As we countdown to the annual Lucene/Solr Revolution conference in Austin this October, we’re highlighting talks and sessions from past conferences. Today, we’re highlighting Anirudha Jadhav’s session on going beyond the conventional constraints of Solr.

The goal of the presentation is to delve into the implementation of Solr, with a focus on how to optimize Solr for big data search. Solr implementations are frequently limited to 5k-7k ingest rates in similar use cases. I conducted several experiments to increase the ingest rate as well as throughput of Solr, and achieved a 5x increase in performance, or north of 25k documents per second. Typically, optimizations are limited by the available network bandwidth. I used three key metrics to benchmark the performance of my Solr implementation: time triggers, document size triggers and document count triggers. The talk will delve into how I optimized the search engine, and how my peers can coax similar performance out of Solr. This is intended to be an in-depth description of the high-frequency search implementation, with q/a with the audience.

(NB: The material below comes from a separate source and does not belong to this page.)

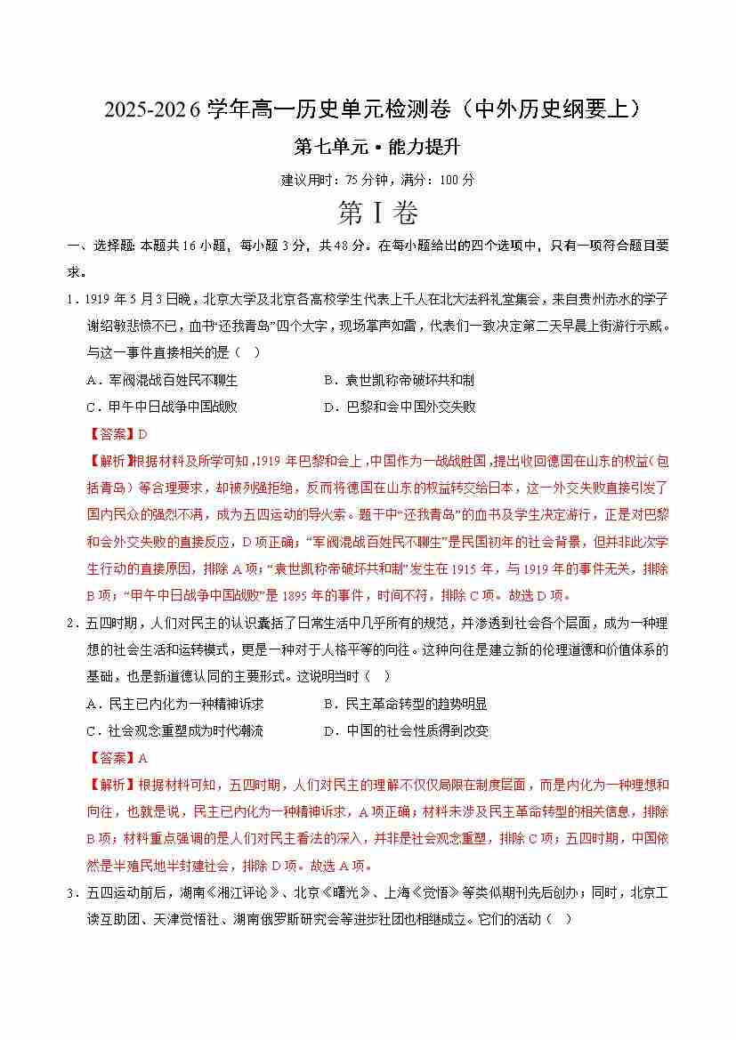 高一历史中外历史纲要(上)第七单元测试·提升卷(教师版)
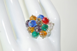 Ladies Designer Silver with Multicolored Crystal Bangle Ring. Adjustable.

All implementations described here are based on latest SolrCloud multi-datacenter setups.

Anirudha Jadhav is a big data search expert, and has architected and deployed arguably one of the world’s largest Lucene-based search deployments , tipping the scale at a little over 86 billion documents for Bloomberg LP. He has deep expertise in building financial applications, high-frequency trading and search applications as well as solving complex search and ranking problems. In his free time, he also enjoys scuba-diving, off-road treks with his 18th century British Army motorbike, building tri-copters and underwater photography. Anirudha earned his Masters in Computer Science from Courant Institute of Mathematical Sciences, New York University.